§ Directions for this task:
Take each line of the data that contains the string "from" and copy it.

+++ Study material

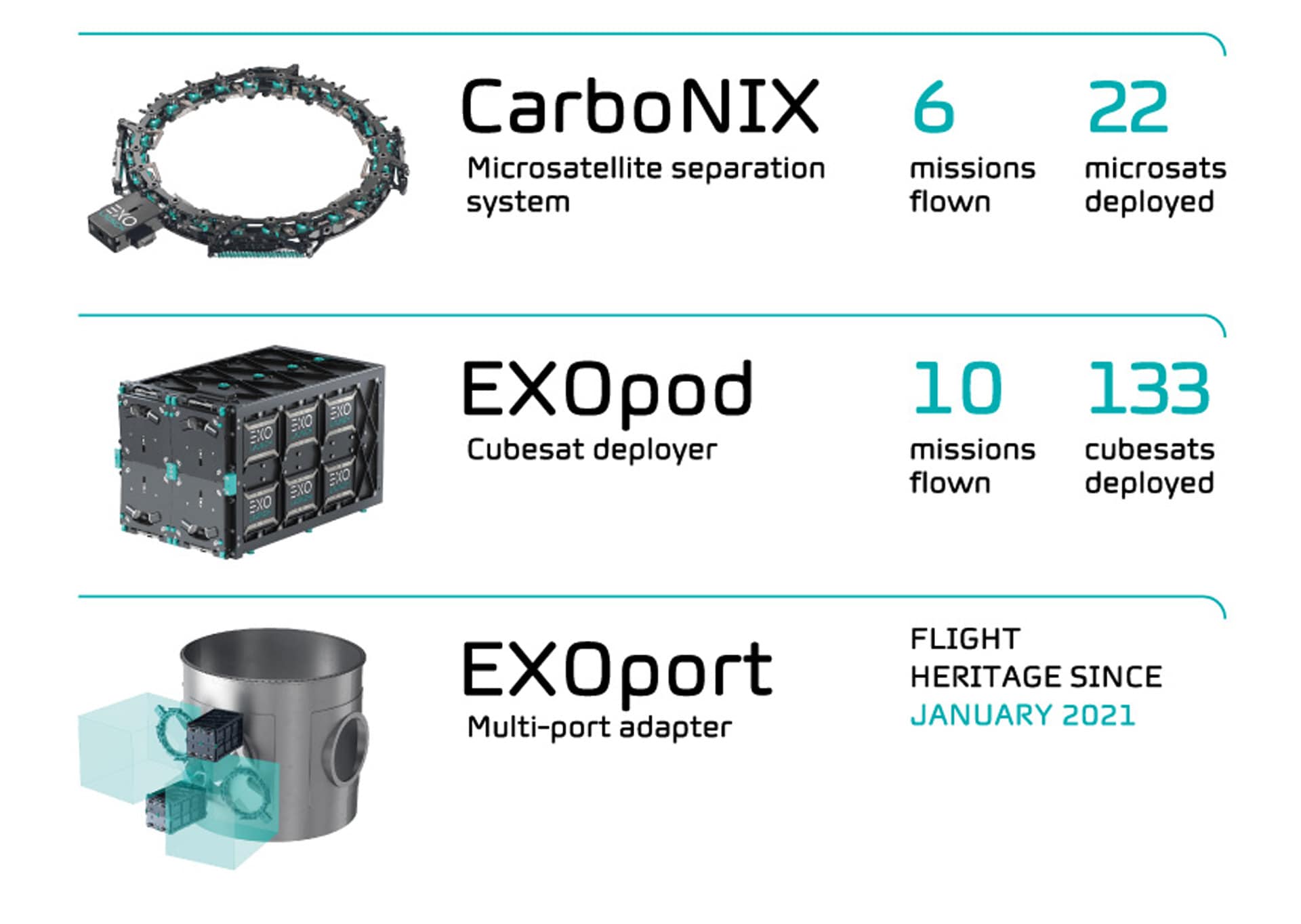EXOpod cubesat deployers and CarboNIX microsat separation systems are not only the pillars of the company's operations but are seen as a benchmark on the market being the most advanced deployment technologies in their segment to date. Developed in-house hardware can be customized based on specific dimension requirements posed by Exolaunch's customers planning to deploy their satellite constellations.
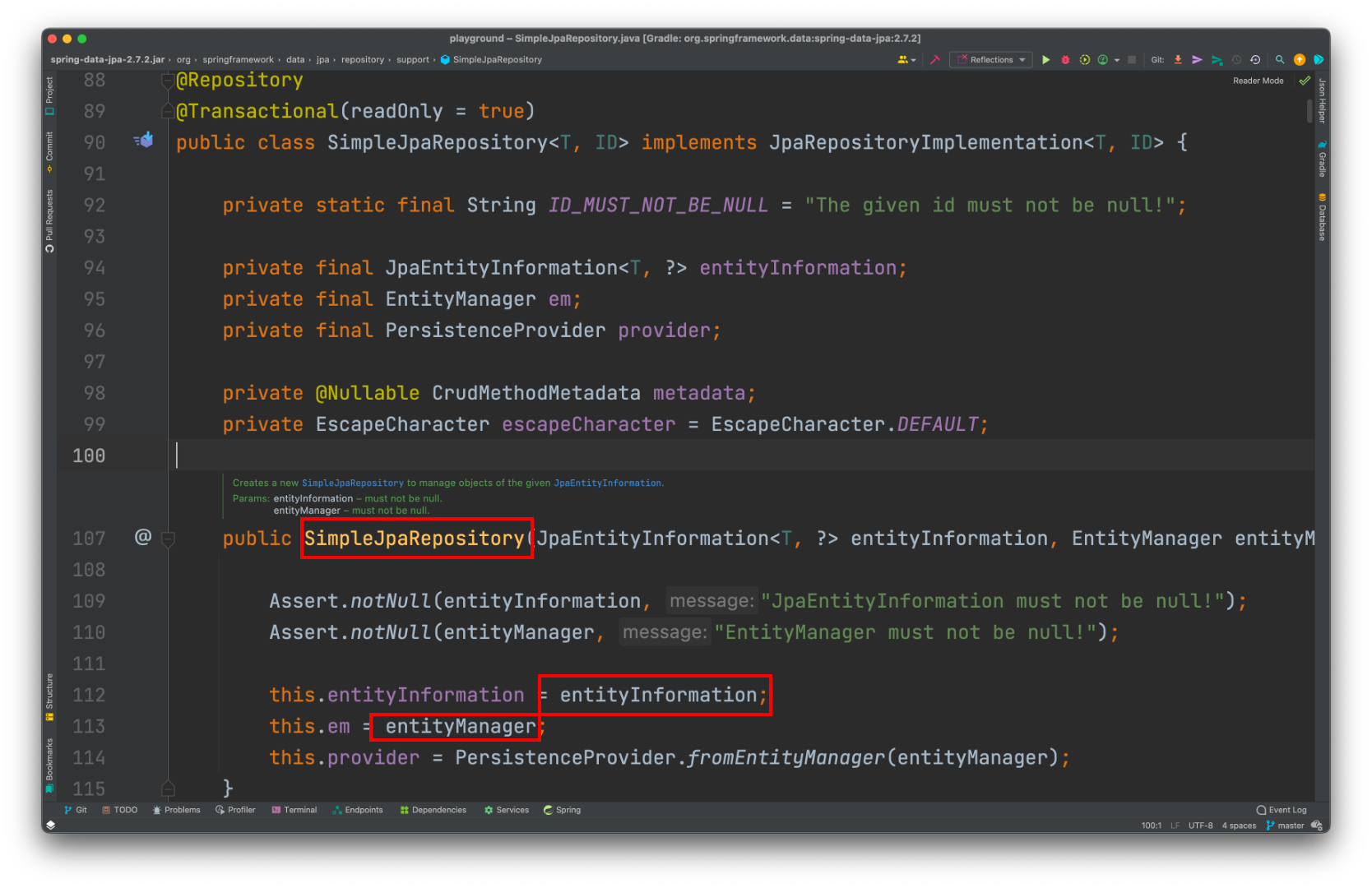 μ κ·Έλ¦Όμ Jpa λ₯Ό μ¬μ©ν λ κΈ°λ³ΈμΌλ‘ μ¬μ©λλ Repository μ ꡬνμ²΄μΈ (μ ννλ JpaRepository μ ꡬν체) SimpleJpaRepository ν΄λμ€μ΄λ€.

++++++
+++ Study material

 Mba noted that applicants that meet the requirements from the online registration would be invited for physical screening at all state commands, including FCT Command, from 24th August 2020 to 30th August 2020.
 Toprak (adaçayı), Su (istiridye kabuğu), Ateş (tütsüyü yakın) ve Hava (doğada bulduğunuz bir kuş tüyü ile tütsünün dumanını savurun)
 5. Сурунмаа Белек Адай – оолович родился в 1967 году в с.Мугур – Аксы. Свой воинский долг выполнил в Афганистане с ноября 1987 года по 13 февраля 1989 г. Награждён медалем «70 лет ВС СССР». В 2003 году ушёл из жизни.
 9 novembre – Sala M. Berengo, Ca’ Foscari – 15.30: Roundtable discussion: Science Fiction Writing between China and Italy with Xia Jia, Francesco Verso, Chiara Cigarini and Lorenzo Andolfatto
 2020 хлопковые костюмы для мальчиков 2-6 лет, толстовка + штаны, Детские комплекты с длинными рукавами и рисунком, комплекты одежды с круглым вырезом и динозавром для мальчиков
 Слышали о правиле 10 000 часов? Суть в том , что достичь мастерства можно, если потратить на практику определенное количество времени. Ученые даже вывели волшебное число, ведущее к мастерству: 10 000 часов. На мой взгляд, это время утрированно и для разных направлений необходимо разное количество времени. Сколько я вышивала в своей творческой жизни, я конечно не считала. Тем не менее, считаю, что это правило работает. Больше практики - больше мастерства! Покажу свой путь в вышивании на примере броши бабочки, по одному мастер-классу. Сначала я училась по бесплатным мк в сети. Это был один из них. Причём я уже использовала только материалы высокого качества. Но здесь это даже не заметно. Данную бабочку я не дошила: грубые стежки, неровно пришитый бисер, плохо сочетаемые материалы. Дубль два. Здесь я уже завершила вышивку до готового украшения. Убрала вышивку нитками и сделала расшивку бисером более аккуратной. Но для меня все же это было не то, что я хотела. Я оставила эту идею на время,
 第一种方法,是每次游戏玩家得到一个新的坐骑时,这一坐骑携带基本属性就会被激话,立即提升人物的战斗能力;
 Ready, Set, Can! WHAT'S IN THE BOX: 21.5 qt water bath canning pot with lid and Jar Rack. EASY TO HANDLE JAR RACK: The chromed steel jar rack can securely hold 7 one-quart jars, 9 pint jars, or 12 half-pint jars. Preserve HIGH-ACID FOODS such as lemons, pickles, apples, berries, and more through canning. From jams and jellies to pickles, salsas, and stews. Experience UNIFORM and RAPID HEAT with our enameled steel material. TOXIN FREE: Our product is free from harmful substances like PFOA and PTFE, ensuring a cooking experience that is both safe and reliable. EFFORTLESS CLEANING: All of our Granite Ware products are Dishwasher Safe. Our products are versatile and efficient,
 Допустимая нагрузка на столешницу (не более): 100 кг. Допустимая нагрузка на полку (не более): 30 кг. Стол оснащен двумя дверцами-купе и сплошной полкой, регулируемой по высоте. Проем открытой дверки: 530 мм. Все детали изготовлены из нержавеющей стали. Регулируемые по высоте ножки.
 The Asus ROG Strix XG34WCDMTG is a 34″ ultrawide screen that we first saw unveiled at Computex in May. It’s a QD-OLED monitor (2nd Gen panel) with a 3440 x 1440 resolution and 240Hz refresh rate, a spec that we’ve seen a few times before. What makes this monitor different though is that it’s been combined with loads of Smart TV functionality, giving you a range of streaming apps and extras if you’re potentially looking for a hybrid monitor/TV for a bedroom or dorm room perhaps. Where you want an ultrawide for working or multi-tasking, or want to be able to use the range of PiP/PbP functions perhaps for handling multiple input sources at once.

++++++
+++ Study material

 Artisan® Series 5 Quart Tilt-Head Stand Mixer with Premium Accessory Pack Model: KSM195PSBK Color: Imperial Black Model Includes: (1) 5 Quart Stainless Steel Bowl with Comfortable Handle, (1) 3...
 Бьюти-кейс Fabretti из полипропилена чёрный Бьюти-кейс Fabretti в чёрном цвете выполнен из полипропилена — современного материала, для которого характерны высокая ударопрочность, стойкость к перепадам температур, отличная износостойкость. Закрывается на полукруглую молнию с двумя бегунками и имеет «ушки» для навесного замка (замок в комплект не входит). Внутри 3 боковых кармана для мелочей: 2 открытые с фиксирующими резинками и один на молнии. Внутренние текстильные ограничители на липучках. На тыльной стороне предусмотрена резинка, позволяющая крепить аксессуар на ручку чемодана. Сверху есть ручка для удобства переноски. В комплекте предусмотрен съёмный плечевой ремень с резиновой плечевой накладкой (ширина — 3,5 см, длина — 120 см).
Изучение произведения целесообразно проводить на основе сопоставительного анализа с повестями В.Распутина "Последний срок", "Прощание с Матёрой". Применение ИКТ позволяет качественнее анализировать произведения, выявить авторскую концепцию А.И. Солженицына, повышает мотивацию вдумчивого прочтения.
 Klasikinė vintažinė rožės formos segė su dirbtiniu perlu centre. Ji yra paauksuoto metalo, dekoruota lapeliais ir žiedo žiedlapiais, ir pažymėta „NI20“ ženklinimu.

++++++

§ Written reply:
 Mba noted that applicants that meet the requirements from the online registration would be invited for physical screening at all state commands, including FCT Command, from 24th August 2020 to 30th August 2020.
 Ready, Set, Can! WHAT'S IN THE BOX: 21.5 qt water bath canning pot with lid and Jar Rack. EASY TO HANDLE JAR RACK: The chromed steel jar rack can securely hold 7 one-quart jars, 9 pint jars, or 12 half-pint jars. Preserve HIGH-ACID FOODS such as lemons, pickles, apples, berries, and more through canning. From jams and jellies to pickles, salsas, and stews. Experience UNIFORM and RAPID HEAT with our enameled steel material. TOXIN FREE: Our product is free from harmful substances like PFOA and PTFE, ensuring a cooking experience that is both safe and reliable. EFFORTLESS CLEANING: All of our Granite Ware products are Dishwasher Safe. Our products are versatile and efficient,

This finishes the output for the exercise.